I commend the Commission and its staff for engaging through Project KISS in efforts to identify and reduce unnecessary burdens in the Commission regulations. I appreciate staff’s consideration and inclusion of several of my suggested edits to this Proposal. To be clear, I believe the Proposal provides for many sound improvements to subpart L that respond to ongoing concerns and confusion created by the finalization of the CFTC and Prudential Regulator Margin Rules and CFTC interpretive guidance.[15] However, where the Proposal aims to strip out regulatory provisions that the Commission previously determined were essential to effectuating the language and purpose of CEA section 4s(l), I believe the Commission may be engaging in shortsighted and unnecessary rollbacks to the detriment of the swap counterparties subpart L is intended to protect.
[1] 17 CFR 23.150-159, 161.
[2] Protection of Collateral of Counterparties to Uncleared Swaps; Treatment of Securities in a Portfolio Margining Account in a Commodity Broker Bankruptcy, 78 FR 66621, 66623 (Nov. 6, 2013).
[3] Id. at 66623 and 66625.
[4] Id. at 66625.
[5] Id.; 17 CFR 23.701(e).
[6] 7 U.S.C. 6s(l)(1)(A) (emphasis added).
[7] 78 FR at 66635 (emphasis added); see also 78 FR at 66633 (adding that annual notice offers this benefit “without requiring excessive or repetitive notification in cases where a counterparty engages in multiple swaps with a particular SD or MSP over the course of a year.”).
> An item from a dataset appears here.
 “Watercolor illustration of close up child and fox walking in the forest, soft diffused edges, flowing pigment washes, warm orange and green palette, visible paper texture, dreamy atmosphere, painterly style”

[8] 78 FR at 66633 (“The Commission believes that the cost of requiring SDs and MSPs to deliver one notification per year to each counterparty is not overly burdensome, particularly when one considers the importance of the counterparty’s decision to require segregation and the large dollar volume of business that is typically done by SDs and MSPs.”).
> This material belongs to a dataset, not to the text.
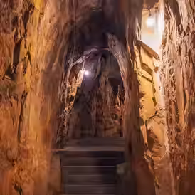 A beautiful pair of caves featuring both impressive stalactites and prehistoric engravings of animals.
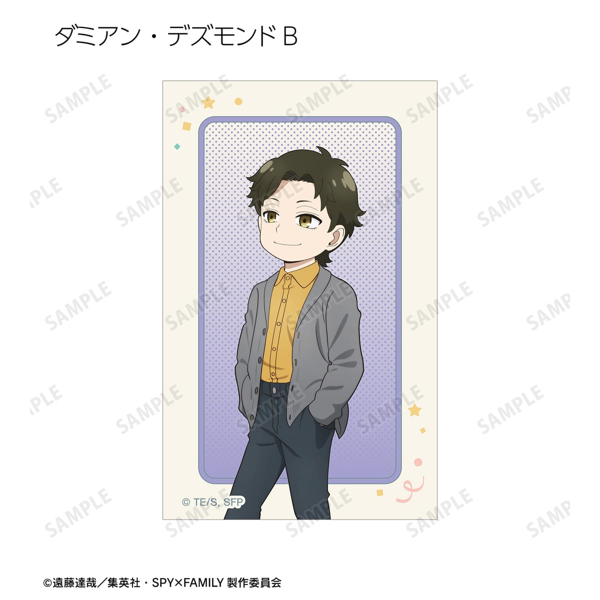 ロイド・フォージャー、アーニャ・フォージャー、ヨル・フォージャー、ボンド・フォージャー、ユーリ・ブライア、ダミアン・デズモンド、ベッキー・ブラックベルの描き下ろしイラストをイラストカードに仕上げました。

[9] 17 CFR 23.701(a)(2) and (3). While Commission Regulation 23.701(d) requires the SD or MSP to obtain confirmation of receipt of the segregation notification, since 2014, the Commission has permitted SDs and MSPs to rely on negative consent for purposes of Regulation 23.701(d), provided that the notice under Regulation 23.701(a) includes a prominent and unambiguous statement to that effect. See CFTC Staff Letter No. 14-132 (Oct. 31, 2014) at 7, available at https://www.cftc.gov/sites/default/files/idc/groups/public/@lrlettergeneral/documents/letter/14-132.pdf.; See also Transcript of the NFA Swap Dealer Examinations Webinar at 6 ( Jan. 18, 2018), available at https://www.nfa.futures.org/members/member-resources/files/transcripts/sdexamswebinartranscriptjan2018.pdf.
[10] See 78 FR at 66624.
[11] Id. at 66621 and 66632.
[12] Protection of Collateral of Counterparties to Uncleared Swaps; Treatment of Securities in a Portfolio Margining Account in a Commodity Broker Bankruptcy, 75 FR 75432, 75437 (proposed Dec. 3, 2010).
[13] I also believe that the Commission can respond to specific burdens identified by SDs and MSPs by, for example, codifying staff interpretive guidance. See, e.g. Letter from the Financial Services Roundtable at 56 (Sept. 30, 2017) (urging the Commission to codify its interpretation in CFTC Staff Letter No. 14-132 with respect to SDs’ ability to rely on negative consent), https://comments.cftc.gov/PublicComments/ViewComment.aspx?id=61427&SearchText=.
[14] For example, through the use of additional clauses in customer onboarding or relationship documentation as a means to append the required notification and disclosures to each new swap confirmation thereby ensuring and simultaneously documenting that the counterparty is notified of their right to require segregation at least at the beginning of each swap transaction.
[15] See CFTC Staff Letter No. 14-132, supra note 9.